0

In my SQL Server 2016+, I have a table with a json column, the json column has this format:

{
    "$type": "Sample.Product, Sample",
    "Name": "sample",
    "Id": "12345",
    "Policies": {
        "$type": "System.Collections.Generic.List`1[[Sample.Policy, Sample]], mscorlib",
        "$values": [
            {
                "$type": "Sample.ListPricingPolicy, Sample",
                "Prices": {
                    "$type": "System.Collections.Generic.List`1[[Sample.Money, Sample]], mscorlib",
                    "$values": [
                        {
                            "$type": "Sample.Money, Sample",
                            "CurrencyCode": "USD",
                            "Amount": 49.9900
                        }
                    ]
                },
                "PolicyId": "af5617ad5a2146a981a5db46ecae60be",
                "Models": {
                    "$type": "System.Collections.Generic.List`1[[Sample.Model, Sample]], mscorlib",
                    "$values": []
                }
            },
            {
                "$type": "Sample.PriceCardPolicy, Sample",
                "PriceCardName": "PriceCard-12345",
                "PolicyId": "c34c61051d59459fb14e057bead2d128",
                "Models": {
                    "$type": "System.Collections.Generic.List`1[[Sample.Model, Sample]], mscorlib",
                    "$values": []
                }
            }
        ]
    }
}

In above data:

  1. the main type may be not Sample.Product, Sample,
  2. Policies.$values is a generic list, can be any type of Policy
  3. PriceCardPolicy may not exist in some json data

I need to filter all those products that have PriceCardPolicy.

My current SQL is:

SELECT s.* 
    FROM   dbo.product s 
    WHERE
    json_value(s.Data, '$."$type"') = 'Sample.Product, Sample'
    AND NOT EXISTS  -- filter all those who have `PriceCardPolicy`
            (
                SELECT      e.*
                FROM        dbo.product e
                CROSS apply Openjson(e.Data, '$.Policies."$values"') WITH(policytype nvarchar(max) '$."$type"') policies
                WHERE       
                json_value(e.Data, '$."$type"') = 'Sample.Product, Sample'
                AND         policies.policytype = 'Sample.PriceCardPolicy, Sample'
                AND         s.id = e.id)

But its performance is really bad when data grows up, like 500K rows. how can I improve this?

For example:

There are 500k rows, but only 5 rows have no PriceCardPolicy. I need to find out those 5 rows.

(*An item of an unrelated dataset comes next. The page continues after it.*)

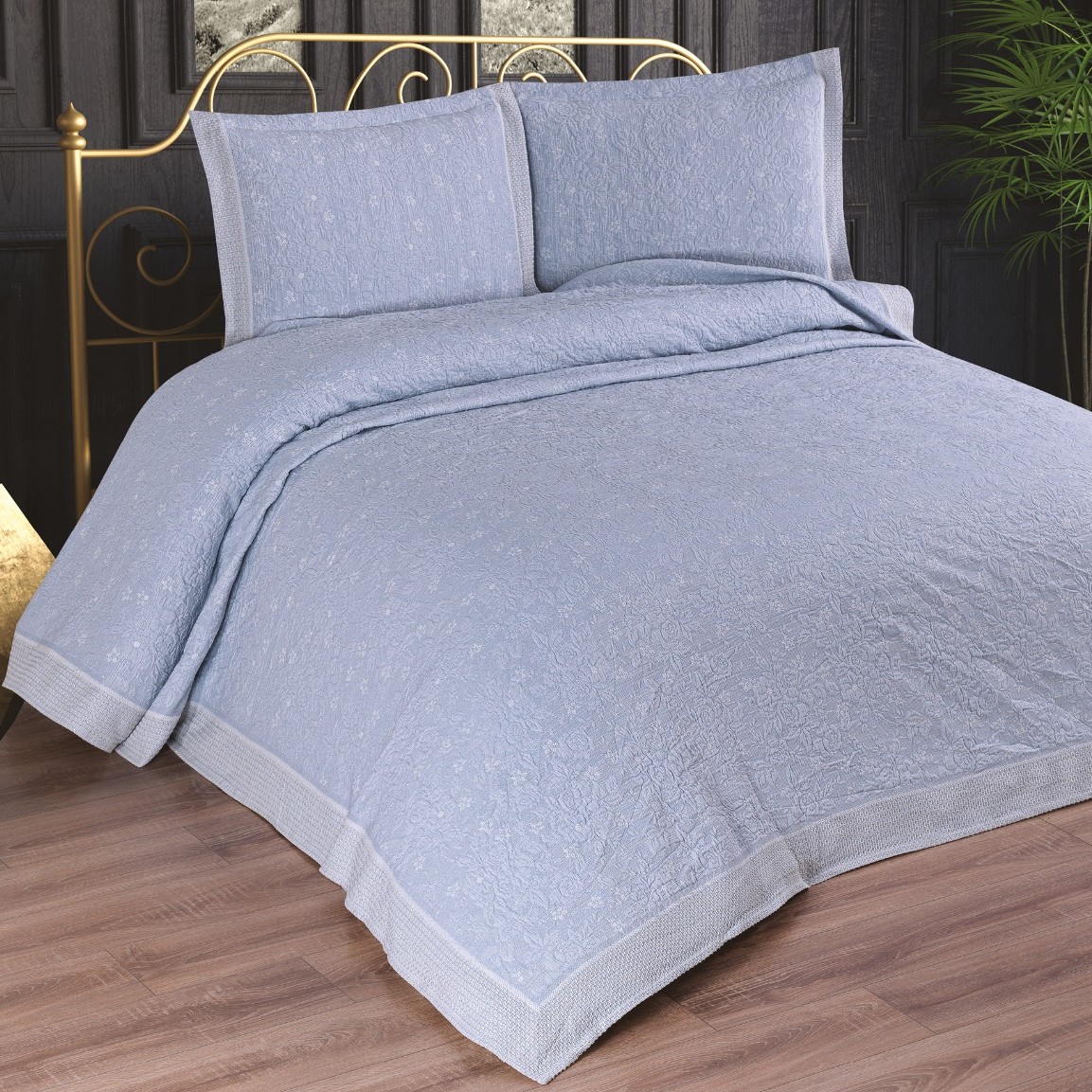 Cuvertura de Lux din Bumbac Jado Florent + 2 Fete de Perna, Tesatura Jacquard, 235x260cm – Bleu – PUF79008

I am not able to do any change from database, I can only focus on improving this SQL. Thx.

Dongdong
  • 2,208
  • 19
  • 28
  • 1
    That `distinct s.*` is going to be expensive in any case (regardless of the performance of JSON parsing), since you're forcing SQL Server to sort all data in all rows, including the potentially huge JSON data. Avoid `*` wherever possible, but especially when combined with `DISTINCT`. – Jeroen Mostert Dec 18 '19 at 15:26
  • @JeroenMostert I know, but I have to use it in current SQL. I believe I should also change the `NOT Exists` to something else. – Dongdong Dec 18 '19 at 15:45
  • I'm not clear why you'd "have" to use it. Aren't the rows in `dbo.Product` already unique in and of themselves, representing individual products that do not need to be de-duplicated? If not, that would be a problem to fix. (And if that falls under "I can't change the table data", the obvious response would be "then consider processing the data first into a new table so that's not an issue"; there really are things you don't want to have to fix in one single query every time it's run.) If they're not unique due to some careless `JOIN` elsewhere (not shown here), fix that. – Jeroen Mostert Dec 18 '19 at 15:55
  • @JeroenMostert OKey, let me remove this from SQL. Thx – Dongdong Dec 18 '19 at 15:59
  • I don't see how you are going to do much to improve this. Since you can't persist the data into tables you are going to be forced to parse the entire table every single time you run this query. Your JSON is basically storing a whole list of relational data in a single element which means to query it you have to parse the whole thing for every single row in your table. – Sean Lange Dec 18 '19 at 16:01
  • As an "out of the box" approach, if you're not actually interested in shredding the JSON data for actual values in the search, a simple `WHERE [data] NOT LIKE '%PriceCardPolicy%'` might do. This can then still be processed with an actual parse to eliminate any false positives. If that's already too slow, you have no real choice but to make inserting the data smarter. – Jeroen Mostert Dec 18 '19 at 16:06
  • @SeanLange yes, you are correct. we know the design issue. but at this moment I cannot focus on this structure. – Dongdong Dec 18 '19 at 16:06
  • @JeroenMostert No, the word `PriceCardPolicy` might exists somewhere else. `OpenJson` will split 1 data row to the policy numbers of that array. But I don't want to `cross apply` to all those value but only `cross apply` on the one who is `PriceCardPolicy`. that's right the problem and it's why I have to use `Not exists`. – Dongdong Dec 18 '19 at 16:11
  • But like I said, unless you can change the design, or at least materialize the shredded values there isn't much you can do here. Any improvements to this will be minimal at best. – Sean Lange Dec 18 '19 at 16:14
  • 1
    Sure, the word might exist somewhere, but if it exists in significantly less than the 500K rows (not necessarily 5, but less) this decreases the amount of rows that actual, full JSON parsing has to be applied to when wrapped as a subquery, so it may still be worth it. Try a simple `SELECT COUNT(*) FROM Products WHERE [data] NOT LIKE '%PriceCardPolicy%'` to check. Of course if the *JSON* consists of 500K objects, you're not going to be optimizing this, period. – Jeroen Mostert Dec 18 '19 at 16:16
  • @JeroenMostert yes, smart! make sense! it's a good point! Thanks a lot! any other ideas? – Dongdong Dec 18 '19 at 16:19

1 Answers1

0

If you need to search inside the json, you need to create computed columns and index them, or shred the values in other tables and index properly.

e.g.:

ALTER TABLE dbo.product ADD json_datatype as json_value(s.Data, '$."$type"');
CREATE INDEX idx_product_json_type ON dbo.product (json_datatype);
PeterHe
  • 2,766
  • 1
  • 8
  • 7